MIT SuperCloud Dataset

This dataset consists of the labelled parts of the data described in the paper The MIT SuperCloud Dataset. The archive contains compressed CSV files consisting of monitoring data from the MIT SuperCloud system. For details on the capabilities offered by MIT SuperCloud cluster see Reuther, et. al.

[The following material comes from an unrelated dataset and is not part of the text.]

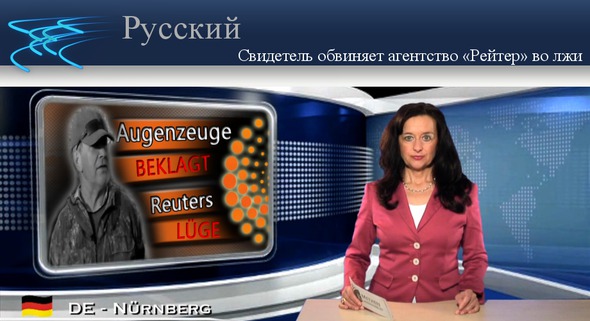 И снова очевидец обвиняет СМИ в большой лжи. Добрый вечер, дорогие зрители! По данным выпуска новостей канала SRF 1 в 8:00 сейчас, спустя несколько месяцев после крушения малазийского пассажирского самолёта, следовавшего рейсом МН17 и предположительно сбитого над Восточной Украиной, в сети интернет ищут свидетелей этой катастрофы. Тогда в этой авиакатастрофе погибло 298 человек. Международные следователи, настоящие имена которых пока что не известны, в настоящее время ищут свидетелей обстрела самолёта из ракетной установки «Бук». И именно сейчас канал Kla.tv мог бы предоставить такого свидетеля. Он говорит о том, что информационное агентство новостей «Рейтер» исказило его свидетельские показания на 180° с точностью до наоборот. Итак, слушайте и делайте выводы: (Рейтер – одно из крупнейших международных новостных агентств полностью сфальсифицировало показания относительно катастрофы рейса МН17). Украинский свидетель крушения самолёта малазийской авиакомпании из Луганской области сообщил российскому телевидению, что агентство Рейтер исказило его интервью о данной авиакатастрофе до неузнаваемости. Его заявление, что он видел ракету, выпущенную с территории подконтрольной украинской армии, было представлено Рейтер так, как будто ракета была выпущена с так называемой «мятежной территории». (На вопросы российского телевидения агентство Рейтер не ответило до сих пор). В рамках доклада о причинах авиакатастрофы MH17 на востоке Украины, Британское информационное агентство Рейтер провело интервью с 58-летним Петром Федотовым из села Червоный Жовтень в Луганской области. Согласно диффамации Рейтер, он наблюдал, как ракета класса земля-воздух была выпущена по малазийскому пассажирскому самолёту предположительно с позиций пророссийских сил обороны. В своём докладе агентство пишет: «В интервью Рейтер Федотов, описывая полёт ракеты, сказал перед камерой о том, что она была выпущена с территории, подконтрольной украинской армии. Позже, без камеры, он признаёт, что ракета была выпущена с соседней мятежной территории. Когда его спросили, почему он изначально утверждал обратное, он сказал, что боится мятежников». Между тем, с Федотовым разговаривали также и представители телекомпании RT. Он объяснил в интервью, что корреспондент Рейтер Антон Зверев в своём репортаже о совместной встрече не был правдивым. Свидетель говорил телекомпании RT буквально следующее, цитирую: «Когда мы говорили перед камерой о Боинг, я ему сказал все, как было. То, что я, якобы, сказал, когда камера была выключена, было придумано журналистом. Это ложь, потому что без камеры мы вообще о Боинг не разговаривали. Потом он добавил, что журналист Рейтер действительно связался с ним после интервью, но не представил ему черновик статьи для проверки. Вместо этого Федотова спросили, были ли у него после интервью проблемы: «Журналист позвонил мне и спросил, были ли у меня проблемы. Я был действительно удивлён. С чего у меня должны были быть проблемы, когда я сказал правду? Но потом мои друзья мне сказали, что когда камера была включена, я говорил одно, а когда выключена – другое. Тут я понял, почему он спрашивал меня, были ли у меня проблемы». «Это или чистый вымысел журналистов, или он сделал это для собственной выгоды», – добавил он. Вопросы телекомпании RT новостному агентству Рейтер
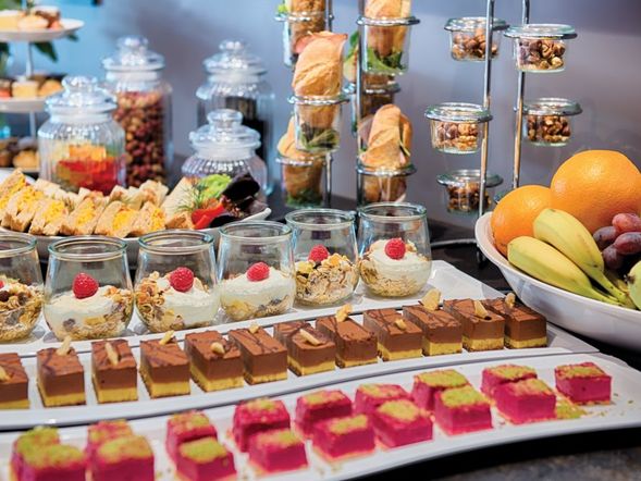 Es stehen verschiedene gastronomische Einrichtungen zur Auswahl, wie ein Nichtraucherrestaurant, ein Speiseraum, ein Frühstückssaal, ein Café und eine Bar. Die Unterkunft bietet als buchbare Verpflegungsleistung Übernachtung inkl. Frühstück. Täglich werden ein kontinentales Buffetfrühstück und Mittagessen serviert. Diätgerichte und Kindermenüs werden auf Wunsch zubereitet. Darüber hinaus stellt das Haus spezielle Verpflegungsangebote bereit.

IEEE HPEC 2018.

Citation

If you use this data in your work, please cite the following paper

@misc{,
      title={The MIT SuperCloud Dataset},
      author={Siddharth Samsi and Matthew L Weiss and David Bestor and Baolin Li and Michael Jones and Albert Reuther and
      Daniel Edelman and William Arcand and Chansup Byun and John Holodnack and Matthew Hubbell and Jeremy Kepner and
      Anna Klein and Joseph McDonald and Adam Michaleas and Peter Michaleas and Lauren Milechin and Julia Mullen and
      Charles Yee and Benjamin Price and Andrew Prout and Antonio Rosa and Allan Vanterpool and Lindsey McEvoy and
      Anson Cheng and Devesh Tiwari and Vijay Gadepally},
      year={2021},
      eprint={2108.02037},
      archivePrefix={arXiv},
      primaryClass={cs.DC}
}

ImageNet Data

http://www.image-net.org/challenges/LSVRC/2012/

ImageNet Large Scale Visual Recognition Competition 2012 validation, test and training data.

LADI

https://github.com/LADI-Dataset/

A dataset of images collected by the Civil Air Patrol of various disasters. Two key distinctions are the low altitude, oblique perspective of the imagery and disaster-related features.The dataset currently employs a hierarchical labeling scheme of a five coarse categorical and then more specific annotations for each category. The initial dataset focuses on the Atlantic Hurricane and spring flooding seasons since 2015. We also provide annotations produced from the commercial Google Cloud Vision service and open source Places365 benchmark.

Microsoft COCO

http://cocodataset.org

COCO is a large-scale object detection, segmentation, and captioning dataset, with the goal of advancing the state-of-the-art in object recognition by placing the question of object recognition in the context of the broader question of scene understanding. This is achieved by gathering images of complex everyday scenes containing common objects in their natural context.